▸ EXERCISE DETAILS: Could you please retype all of the records exactly, skipping any pictures?

▸ EXERCISE MATERIAL:
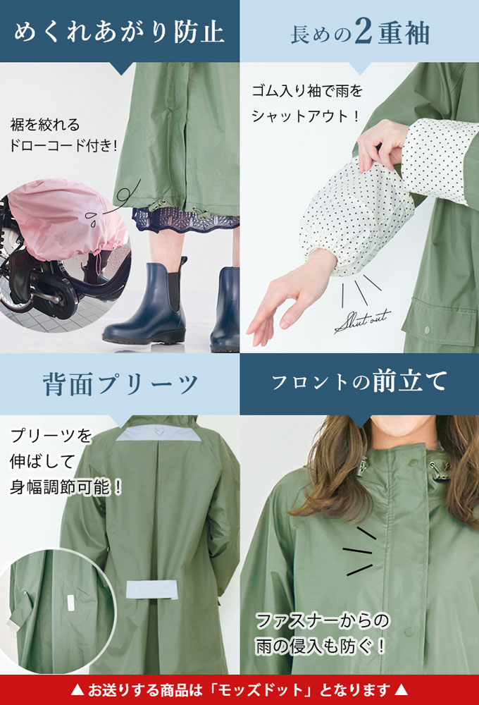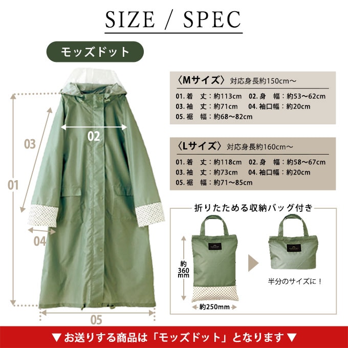 ロング レインコート 【モッズドット Lサイズ】シュシュポッシュ シンプルデザイン 雨具 | 自転車通勤・通学の必需品!透明ツバが雨を防ぎ、視界を守って安全運転!収納袋付で持ち運び◎
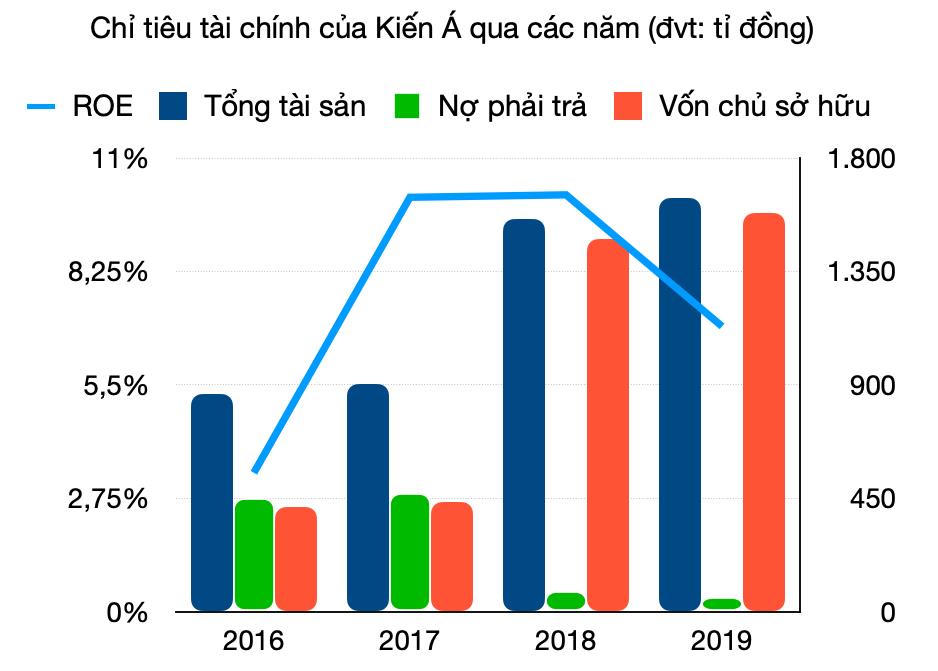 Về quy mô tài sản, cuối năm 2019 tổng tài sản của Kiến Á đạt 1.643 tỉ đồng, trong đó vốn chủ sở hữu là 1.584 tỉ đồng còn nợ phải trả khoảng 60 tỉ đồng. Năm 2018 và 2019, nợ phải trả của Kiến Á giảm mạnh so với mức trên 450 tỉ đồng của hai năm trước đó.
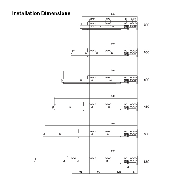 Size    Slide Length     Travel Length       Load Capacity
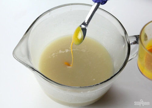 If you’re worried about too much extra oil in your soap, you can decrease your superfat slightly. You can also mix the colors in your premade oils. To do that, use a spoon or a dropper to transfer some of your soaping oils into a separate container. Then, mix your colors in and add them at trace. You can see that in action in the Making Sunshine Soap video on Soap Queen TV: https://soapqueen.com/bath-and-body-tutorials/cold-process-soap/making-sunshine-cold-process-soap/
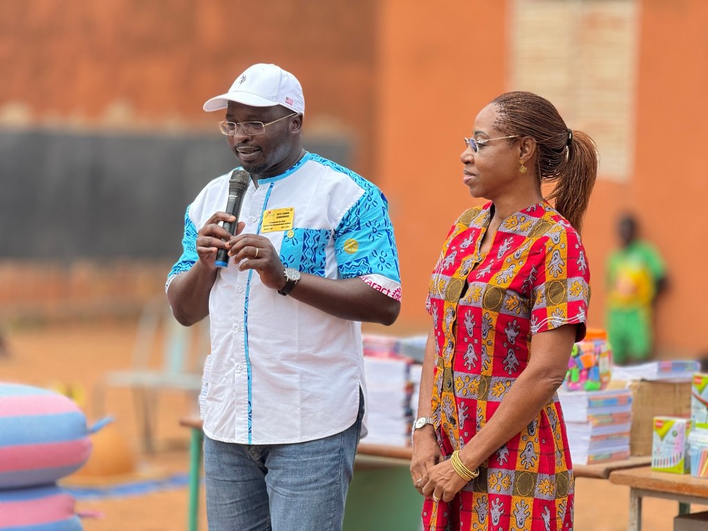 Sous un soleil radieux, élèves, parents et enseignants se sont réunis pour accueillir les Rotariens, dans une ambiance festive ponctuée de prestations artistiques. L’événement a réuni les chefs coutumiers et les autorités locales, tous venus célébrer ce partenariat exemplaire, fondé sur des valeurs de partage et de soutien à l’éducation. Ce don, composé de vivres destinés à la cantine scolaire et de kits scolaires, répond à un besoin pressant dans cette école où la cantine gratuite constitue un atout majeur pour inciter les enfants à rester en classe.
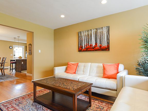 You don't have to sacrifice beds/baths to get into top-notch Glen Rock schools! This affordable home, expanded in 2007, has 4 beds & 4 full baths. Enter into a tiled foyer adjacent to formal living room. The home's main attraction is the open kitchen, dining room and family room. The family room is bright and comfortable, the dining area can comfortably hold a large table/hutch and adjoins the kitchen with center island. A bedroom & bath complete the first floor. Upstairs are 3 bedrooms, all with hardwood. The sunny master suite has bath with Jacuzzi tub and separate shower stall. 2 additional bedrooms share an updated hall bath. The finished basement is large enough for both a playroom and home theater, plus there's a full bath and guest room. Outside is a patio and ample yard. This home is perfectly situated close to elementary and middle/high schools - a huge convenience. You won't want to miss this affordable modern colonial!

▸ RESULT OF THE TASK:
 ロング レインコート 【モッズドット Lサイズ】シュシュポッシュ シンプルデザイン 雨具 | 自転車通勤・通学の必需品!透明ツバが雨を防ぎ、視界を守って安全運転!収納袋付で持ち運び◎
 Về quy mô tài sản, cuối năm 2019 tổng tài sản của Kiến Á đạt 1.643 tỉ đồng, trong đó vốn chủ sở hữu là 1.584 tỉ đồng còn nợ phải trả khoảng 60 tỉ đồng. Năm 2018 và 2019, nợ phải trả của Kiến Á giảm mạnh so với mức trên 450 tỉ đồng của hai năm trước đó.
 Size    Slide Length     Travel Length       Load Capacity
 If you’re worried about too much extra oil in your soap, you can decrease your superfat slightly. You can also mix the colors in your premade oils. To do that, use a spoon or a dropper to transfer some of your soaping oils into a separate container. Then, mix your colors in and add them at trace. You can see that in action in the Making Sunshine Soap video on Soap Queen TV: https://soapqueen.com/bath-and-body-tutorials/cold-process-soap/making-sunshine-cold-process-soap/
 Sous un soleil radieux, élèves, parents et enseignants se sont réunis pour accueillir les Rotariens, dans une ambiance festive ponctuée de prestations artistiques. L’événement a réuni les chefs coutumiers et les autorités locales, tous venus célébrer ce partenariat exemplaire, fondé sur des valeurs de partage et de soutien à l’éducation. Ce don, composé de vivres destinés à la cantine scolaire et de kits scolaires, répond à un besoin pressant dans cette école où la cantine gratuite constitue un atout majeur pour inciter les enfants à rester en classe.
 You don't have to sacrifice beds/baths to get into top-notch Glen Rock schools! This affordable home, expanded in 2007, has 4 beds & 4 full baths. Enter into a tiled foyer adjacent to formal living room. The home's main attraction is the open kitchen, dining room and family room. The family room is bright and comfortable, the dining area can comfortably hold a large table/hutch and adjoins the kitchen with center island. A bedroom & bath complete the first floor. Upstairs are 3 bedrooms, all with hardwood. The sunny master suite has bath with Jacuzzi tub and separate shower stall. 2 additional bedrooms share an updated hall bath. The finished basement is large enough for both a playroom and home theater, plus there's a full bath and guest room. Outside is a patio and ample yard. This home is perfectly situated close to elementary and middle/high schools - a huge convenience. You won't want to miss this affordable modern colonial!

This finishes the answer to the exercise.